Now I feel the need to finish with "It gets better" I tried to avoid it but could not stop. So there.
 

RatskyWatsky

Hunky Nostradamus
see?

Didn't realize that LGBTQIA was a thing.

So as an asexual I thought I'd say hello now that I'm included!

this is what happens when we make the thread title more inclusive - motha fuckin asexuals in da hause

i0bUfM2Oj4jzt.gif


Gah

The guy with the phenomenal ass is sitting in front of me during training and his pants are too low to contain it and I can see everything.

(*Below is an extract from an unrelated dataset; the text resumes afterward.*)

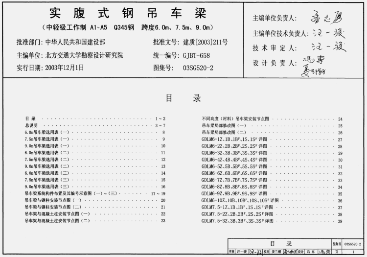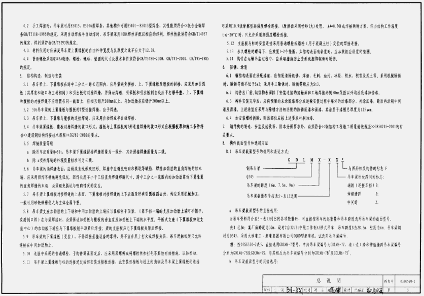 本图集为跨度6m、7.5m、9m,分别适用于柱距6m、7.5m、9m;适用于非抗震设计和抗震设防烈度6~8度地区、环境类别为一类;03SG520-1和03SG520-2是分别按照起重量为3t~50t和5t~50t的,中、轻级(A1~A5)工作制一般用途(软钩)吊车设计的。

wait so his ass is hanging out of his pants?


yes

I was talking about people that don't like you, not haters.

one in the same

You convinced (for example) straight guys to like you?

yes

You convinced people that don't like your personality to like your personality?

yes

You convinced people that don't like your face to like your face?

yes

You convinced people that don't like your body to like your body?

yes

How did you did that?

i get naked with them and coo words softly into their ears

unless you were joking

whos kidding who now here
 

Haly

One day I realized that sadness is just another word for not enough coffee.
When it comes to genitalia of the male sort, Ratsky lives in his own fantasy world.
 

KmA

Member
I'm an emotional wreck right now.

After that thread about that 'coming out' going awry, I was feeling a little exhausted so I decided to leave early from work. I myself have not come out but I have a feeling it would go similarly to how it did in that video so I was a bit on edge after that. This is kind of irrelevant to the story but yeah. Anyways.

I come home from work to relax, mom is out of the house, and my dad walks into my room. I've counted how many times father figure has spoken directly to me this summer. Three. This is not a count of meaningful conversations, this is a count of how many times his words were directed for my ears. Three. I don't want to explain the workings of our relationship but let's just say there are a lot of... cultural barriers.

Considering school starts next week, it's pretty obvious why he's sparing a moment for his dear ol' son. Now these conversations are always the same. He asks if I've done this or have I done that yet. I'm a pretty lazy person so the answer is usually no but it's not like I haven't done anything. So I explain how this semester is going to go and then he starts prying a little more. Eventually, the conversation always boils down to him just listing my shortcomings. I hate these conversations so much, I'm visibly angry every single time, yet the routine never changes. Either he ignores my furrowed brows or he is the most oblivious man in the room (I'm quite oblivious).

Like, I've actually been doing things this year. I got a full-time internship, I was writing for my university newspaper, I was volunteering, I was in school. I'm pretty damn proud I got through this summer with my sanity. But my dad doesn't see that. All he can mention is how I have no initiative, I never plan anything, I never exercise, I never do this or that.

Then he finally says "You're such a disappointment."

You could have cooked a meal with my boiling blood. To contain myself from clocking dipshit daddio in the jaw, I stormed out of my room closing everything in reach with enough ferocity to rattle the house.

I'm so fragile around him. Beyonce could call me trash and still my dad's words could make me crumble.

Three times he spoke to me this summer. And it feels like every summer, this my send off.

I always imagine how my coming out will be. My mom will be furious. But my mom is one of those mom's who would overlook murder in her child. Her love is something fierce. I know she would be angry and I know she would hate it but she will always love me. She can be kind of transparent that way.

But my dad, however, would use it as another shortcoming on his ever-long list of my shortcomings. And it would break me.

Sorry for the long post, just a bit emotional.